> _TRY IT_
Reproduce all the lines below exactly and omit the images.

> _DATA_
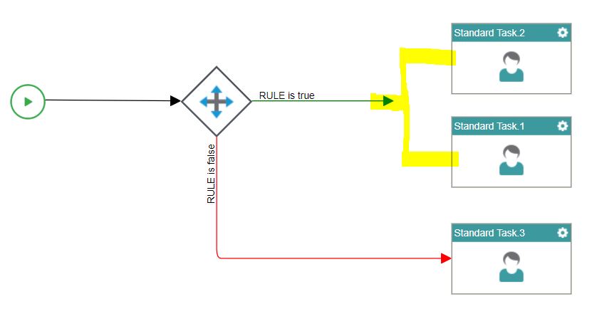 I have a condition for which I have set up a boolean; when the rule is true I want to have 2 parts connected to the true-connector. Any ideas if this can be done, and if not, how to recreate this?
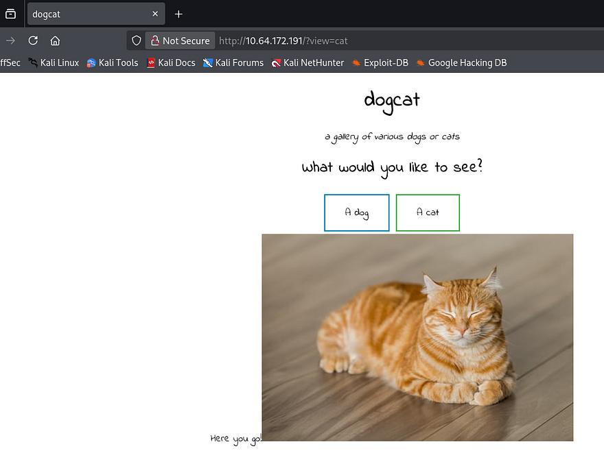 Not a whole lot we can do over SSH without credentials, so I fire up Gobuster to find subdirectories/subdomains in the background before heading over to the website. Checking out the landing page gives us the option to choose between seeing pictures of dogs or cats.
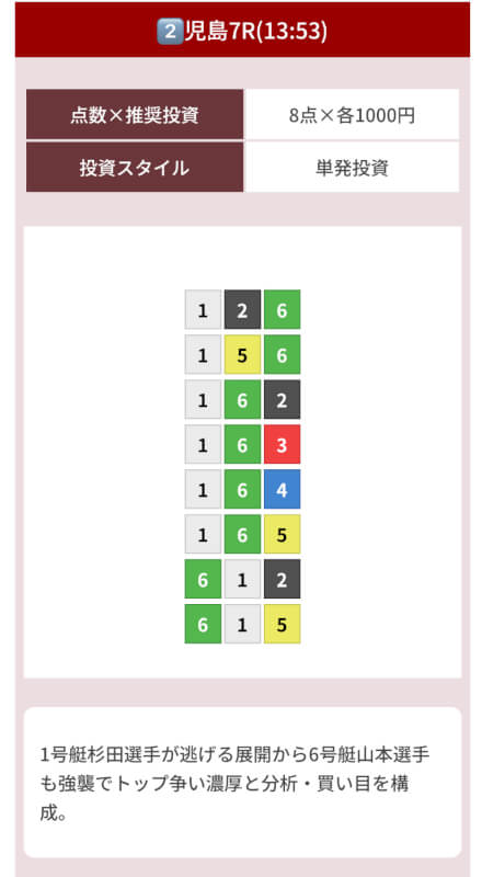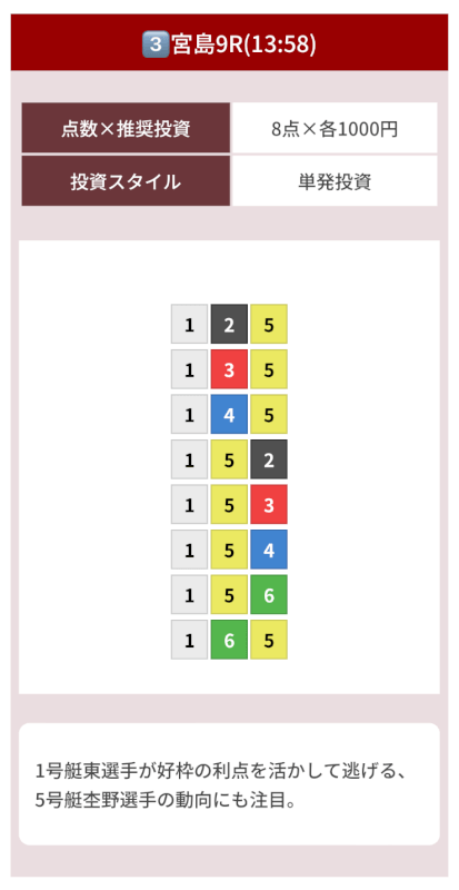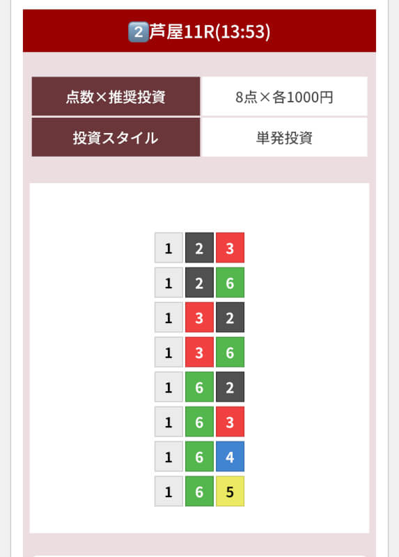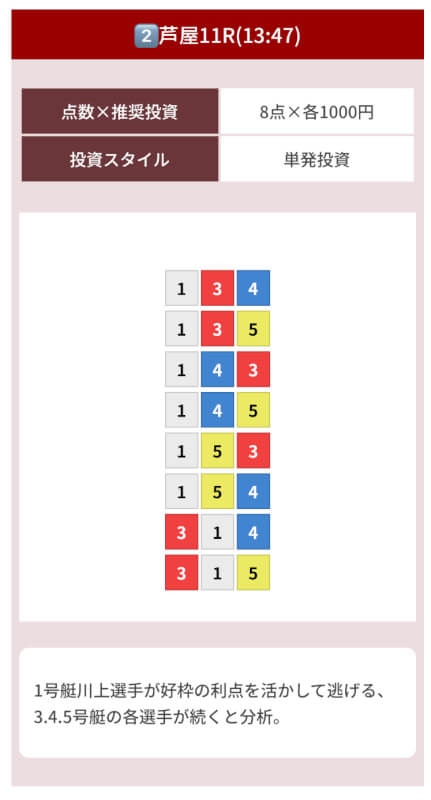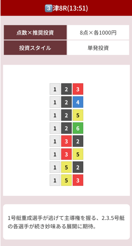 | 推奨投資金額 | 1レースあたり8,000円 |

> _OUTPUT OF THE TASK_
 I have a condition for which I have set up a boolean; when the rule is true I want to have 2 parts connected to the true-connector. Any ideas if this can be done, and if not, how to recreate this?
 Not a whole lot we can do over SSH without credentials, so I fire up Gobuster to find subdirectories/subdomains in the background before heading over to the website. Checking out the landing page gives us the option to choose between seeing pictures of dogs or cats.
 | 推奨投資金額 | 1レースあたり8,000円 |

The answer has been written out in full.